- **Provided data**
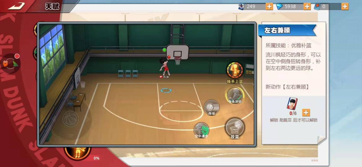 技能优雅补篮,这项技能十分考验时机把控能力,只要节奏拿捏得当,就能把队友投失的球补入篮筐,其使用难度比篮板球更高,得勤加练习才行。技能灵巧抢断,流川枫会突然出手,将对手手中的球抢断,并且顺势把球往对方一侧拍出,该技能在攻防两端都颇为实用,是一对一较量时最让人忌惮的技能。
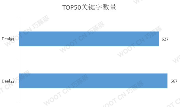 ▲TOP50的关键字数量由627增长为667,增长 6.3%。
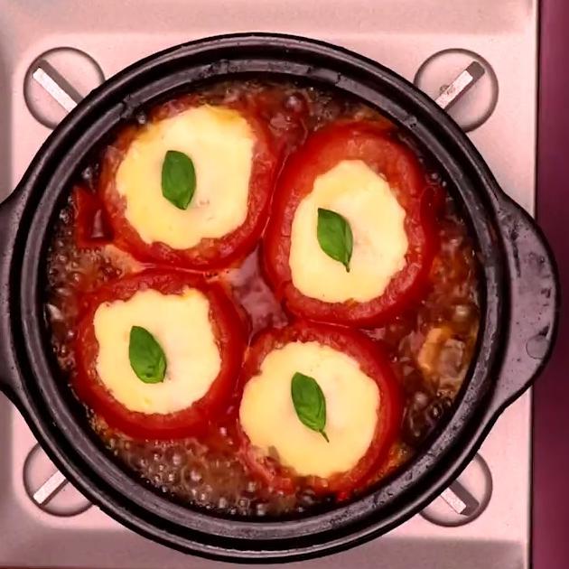 トマトにハンバーグを入れて煮込む鍋レシピです。ハンバーグを焼かないので油少なめでヘルシー。トマトの栄養もしっかりとれますよ。

- **Activity**
The reply should consist of the listing restated word for word, with its pictures removed.

- **Solution for this task**
 技能优雅补篮,这项技能十分考验时机把控能力,只要节奏拿捏得当,就能把队友投失的球补入篮筐,其使用难度比篮板球更高,得勤加练习才行。技能灵巧抢断,流川枫会突然出手,将对手手中的球抢断,并且顺势把球往对方一侧拍出,该技能在攻防两端都颇为实用,是一对一较量时最让人忌惮的技能。
 ▲TOP50的关键字数量由627增长为667,增长 6.3%。
 トマトにハンバーグを入れて煮込む鍋レシピです。ハンバーグを焼かないので油少なめでヘルシー。トマトの栄養もしっかりとれますよ。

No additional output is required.